Recolorization: The first column shows the grayscale images, the second column shows the images whose textual descriptions are used as conditioning. The third column shows the final colorized images. [Best viewed with 300% zoom in the digital version.]

Fig. 9
figure 9

The first column shows the Real images, the second column shows the generator images with 1 RRBD. The third column shows the generator images with 32 RRBDs. The fourth column shows the generator images with 64 RRBDs [Best viewed with 300% zoom in the digital version.]

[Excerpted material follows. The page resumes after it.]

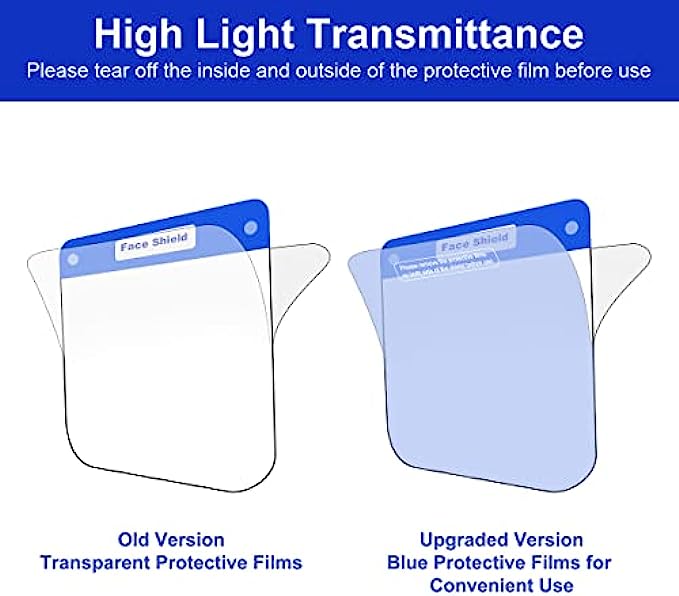 • 【HD Transparent & Anti-fog】The safety face shield is features with high light transmission which is up to 99.8%, and it's really fog resistant. It's perfect to indoors and outdoors use to protect you to the greatest extent without eyesight matters(Note: Please remove the protective cover oncover on both sides of the mask before use).
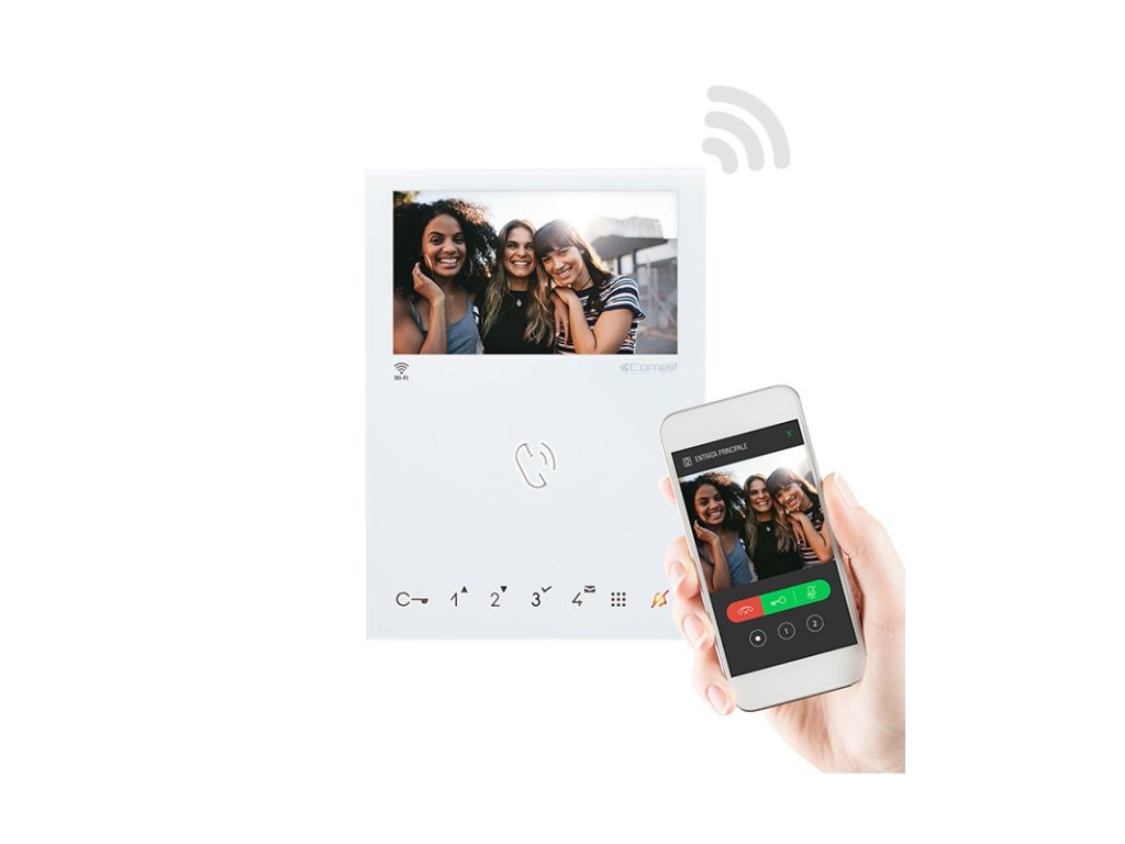 Videomonitor Mini 6741W, handsfree, pre SB1 a SB2 2vodičový zmiešaný audio/video systém, Wi-Fi pripojenie, zabudovaná Slave gateway pre volanie na mobil prostredníctvom mobilnej dátovej siete, 4,3" širokouhlý farebný display 16:9, 1x dotykové tlačidlo pre ovládanie zámku, 2x programovateľné tlačidlo, nastavenie hlasitosti a obrazu, rôzne vyzváňacie melódie, indikačné LED, kontakt prídavného zvonenia od dverí bytu, OSD menu, programovanie DIP, napájanie zo zbernice, biely, montáž na omietku (bez potreby doplnkového inšt. rámika), videomonitor má možnosť volania až na štyri telefónne čísla, rozmery 115 x 160 x 22 mm

Table 2 Quantitative comparison among different number of RRBDs in ablation study. The bold emphasis indicates the best result in that metric

6 Conclusions

In this paper, we proposed a novel image colorization algorithm that utilizes textual encoding as auxiliary conditioning in the color generation process.It is found that the proposed framework exhibits higher color fidelity compared to the state-of-the-art algorithms. We have also demonstrated that the proposed framework can also be used for recolorization purposes by modulating textual conditioning. It is important to note that we have considered only textual conditioning of foreground objects in this work. In the given setting, though the proposed algorithm outperforms the SOTA methods, as the textual descriptions mostly depict the foreground objects ignoring the backgrounds; our method exhibits less fidelity for the background colors. This problem can obviously be resolved by adding additional color descriptions for the background. We also observed that as the textual descriptions define the colors of the objects coarsely, to fill the gaps, the proposed method generates certain colors which are not there in the respective ground truths. Thus, in certain cases, our method produced less colorful backgrounds (Fig. 10), which establishes the necessity of a more exhaustive textual description for the grayscale images in the future. Efforts should also be made to design a more robust colorization process for the background for which textual descriptions are not rich.

Fig. 10
figure 10

Some of the failure cases. [Best viewed with 300% zoom in the digital version.]